Evaluating Accuracy and Reproducibility of Large Language Model Performance in Pharmacy Education

Amoreena Most,Mengxuan Hu,Huibo Yang,Tianming Liu,Xianyan Chen,Sheng Li,Steven Xu,Zhengliang Liu,Andrea Sikora
DOI: https://doi.org/10.1101/2024.03.21.24304667
2024-03-24
Abstract:The purpose of this study was to compare performance of ChatGPT (GPT-3.5), ChatGPT (GPT-4), Claude2, Llama2-7b, and Llama2-13b on 219 multiple-choice questions focusing on critical care pharmacotherapy. To further assess the ability of engineering LLMs to improve reasoning abilities and performance, we examined responses with a zero-shot Chain-of-Thought (CoT) approach, CoT prompting, and a custom built GPT (PharmacyGPT). A 219 multiple-choice questions focused on critical care pharmacotherapy topics used in Doctor of Pharmacy curricula from two accredited colleges of pharmacy was compiled for this study. A total of five LLMs were evaluated: ChatGPT (GPT-3.5), ChatGPT (GPT-4), Claude2, Llama2-7b, and Llama2-13b. The primary outcome was response accuracy. Of the five LLMs tested, GPT-4 showed the highest average accuracy rate at 71.6%. A larger variance indicates lower consistency and reduced confidence in its answers. Llama2-13b had the lowest variance (0.070) of all the LLMs, but performed with an accuracy of 41.5%. Following analaysis of overall accuracy, performance on knowledge- vs. skill-based questions were assessed. All five LLMs demonstrated higher accuracy on knowledge-based questions compared to skill-based questions. GPT-4 had the highest accuracy for knowledge- and skill-based questions, with an accuracy of 87% and 67%, respectively. Response accuracy from LLMs in the domain of clinical pharmacy can be improved by using prompt engineering techniques.
Medical Education
What problem does this paper attempt to address?

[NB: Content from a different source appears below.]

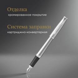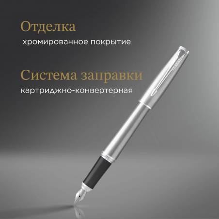 Ручка перьев. Parker Urban Core F200 (1931605) Metro Metallic CT M сталь нержавеющая подар.кор.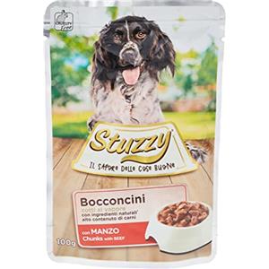 Stuzzy Bocconcini con Manzo per Cani Adulti - 100g, Cotti al Vapore con Ingredienti Naturali e Alto Contenuto di Carni in Alimenti Cani e Gatti

This paper discusses the performance accuracy and reproducibility of large-scale language models (LLMs) in pharmaceutical education. The study compares the performance of five models, namely ChatGPT (GPT-3.5 and GPT-4), Claude2, Llama2-7b, and Llama2-13b, in answering 219 multiple-choice questions on critical care pharmacology. The main objective is to evaluate the potential of improving the inference ability and performance of LLMs using zero-shot Chain-of-Thought (CoT) method, CoT prompts, and customized GPT (PharmacyGPT). The study found that GPT-4 exhibited the highest average accuracy among all models at 71.6%, but with lower consistency in answers. Although Llama2-13b had the highest consistency, its accuracy was only 41.5%. All models performed better on knowledge-based questions compared to skill-based questions, particularly GPT-4, which achieved accuracy rates of 87% and 67% on the two question types, respectively. By employing specific prompt engineering techniques, the response accuracy of LLMs in clinical pharmacy can be improved. For instance, the use of CoT prompts can enhance the accuracy of GPT-4, especially on knowledge-based questions, surpassing the average level of pharmacy students. However, LLMs still perform lower than students on skill-based questions that require complex reasoning. The paper emphasizes that despite the potential displayed by LLMs in handling structured diagnostic problems, their reasoning ability in clinical pharmacy decision-making still needs improvement. Further research is required to optimize prompt strategies and enhance the clinical pharmacy reasoning ability of LLMs.